We have a fuzzer of clang-format in the source tree. Details: llvm/lib/Fuzzer/README.txt It has found a few bugs so far: r226685, r226678, r226451, r226446, r226448, r227427, r226447, r226685, r226680, r226698, r229485, r227677, r227433, r227427, r230395, r231066, (probably missed a couple more) There are a few remaining, we will be posting them here, one per comment. There is also a build bot which runs the fuzzer 24/7 and will report new bugs (regressions) if they appear or old bugs if the fuzzer discovers them. http://lab.llvm.org:8011/builders/sanitizer-x86_64-linux-fuzzer
Clang-format(-fuzzer) is very slow on a tiny input. May not be a big problem by itself (or may be it is), but this hurts fuzzing very much. With all the fuzzer instrumentation it takes ~1.5 second to format 60 bytes. W.o. instrumentation it takes ~0.5 second. cat << EOF | base64 --decode | clang-format PDw8SAQEMigqLCioKjFoLGgKPDw8PDw8Cjw8PCxkKiQcPDw8KCosKKgiaCxoCigKCjw8PAo8PGQq KKA6 EOF Perf: 51.83% clang::format::(anonymous namespace)::AnnotatingParser::next() 13.12% clang::format::(anonymous namespace)::AnnotatingParser::parseParens(bool) 11.87% clang::format::(anonymous namespace)::AnnotatingParser::consumeToken() 8.32% clang::format::(anonymous namespace)::AnnotatingParser::parseAngle() 5.01% clang::getBinOpPrecedence(clang::tok::TokenKind, bool, bool) 4.90% clang::format::(anonymous namespace)::AnnotatingParser::updateParameterCount(clang::format::FormatToken*, clang::format::Format 2.27% clang::format::FormatToken::isSimpleTypeSpecifier() const
This one is worse: 31 seconds w/o instrumentation for 64 bytes, same profile. cat << EOF | base64 --decode | clang-format PDw8SAQEMigqLCioKDFoLGgKPDw8PDw8CjwKPDw8PEhoCjw8PBw8PDwoKiwoqCJoLGgKKAoKPDw8 Cjw8PDw8PA== EOF
A chain of < seems to trigger superlinear runtime in the parser. perl -e 'print "<" x 20'|clang-format n | seconds 20 | 0.101 21 | 0.191 22 | 0.367 23 | 0.722 24 | 1.431 25 | 2.730 26 | 5.173 27 | 10.026 28 | 19.779 29 | 39.350
echo LypcAAov | base64 --decode | clang-format - Assertion `TokenText.startswith("/*") && TokenText.endswith("*/")' failed.

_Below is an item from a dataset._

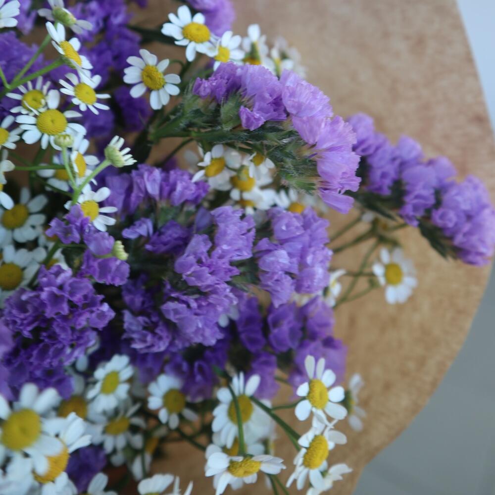 Статица – 2 шт.Матрикария (Ромашка Камила) – 4 шт.Крафт упаковка – 1 шт.бечевка натуральная – 1 шт.

echo PCo+Iis/J2FjIDpTDT46zvxcXAp1NzI49zxGPg== | base64 --decode | clang-format - Assertion `EndColumn >= StartColumn' failed.
*** Bug 22920 has been marked as a duplicate of this bug. ***
the clang/clang-format fuzzer bot lab.llvm.org:8011/builders/sanitizer-x86_64-linux-fuzzer has been extended to run both with and w/o assertions. whenever a bug is found, the fuzzer will print the base64-encoded reproducer so that one can copy-paste it from the buildbot logs: E.g. from the bot logs: =============== SUMMARY: AddressSanitizer: ... CRASHED; file written to crash-80193815206841682354717562770799349303 Base64: OiDgO3gKUyYhU0Z4KhFoEztFKGV1bZNTe5Hsk1MmKUMheCoTIWgTO0VTKMFldW2TUzs= =============== Just do this: echo OiDgO3gKUyYhU0Z4KhFoEztFKGV1bZNTe5Hsk1MmKUMheCoTIWgTO0VTKMFldW2TUzs= | base64 -d | clang -x c++ -
Daniel, many thanks for the fixes. The next biggest offender is clang-format-fuzzer: /mnt/b/sanitizer-buildbot5/sanitizer-x86_64-linux-fuzzer/build/llvm/tools/clang/lib/Format/ContinuationIndenter.cpp:1066: unsigned int clang::format::ContinuationIndenter::breakProtrudingToken(const clang::format::FormatToken &, clang::format::LineState &, bool): Assertion `NewRemainingTokenColumns < RemainingTokenColumns' failed. reproducer (base64-encoded): SCQhJCwxLGNvbnN0ZQx4ciBjaHIzaDJ0IDMqMiAjJCgpABkMLTo9IGdldCxRKiJzdFwwXPSKpKQ6JFxcIg== You may get more reproducers from the bot: http://lab.llvm.org:8011/builders/sanitizer-x86_64-linux-fuzzer
Fixed crasher in r242738.
The clang-format-fuzzer bot has been mostly green lately, with only one periodic assert failure, bug 26032 I've changed the bot to treat clang-format-fuzzer failures as real ones, not just warnings.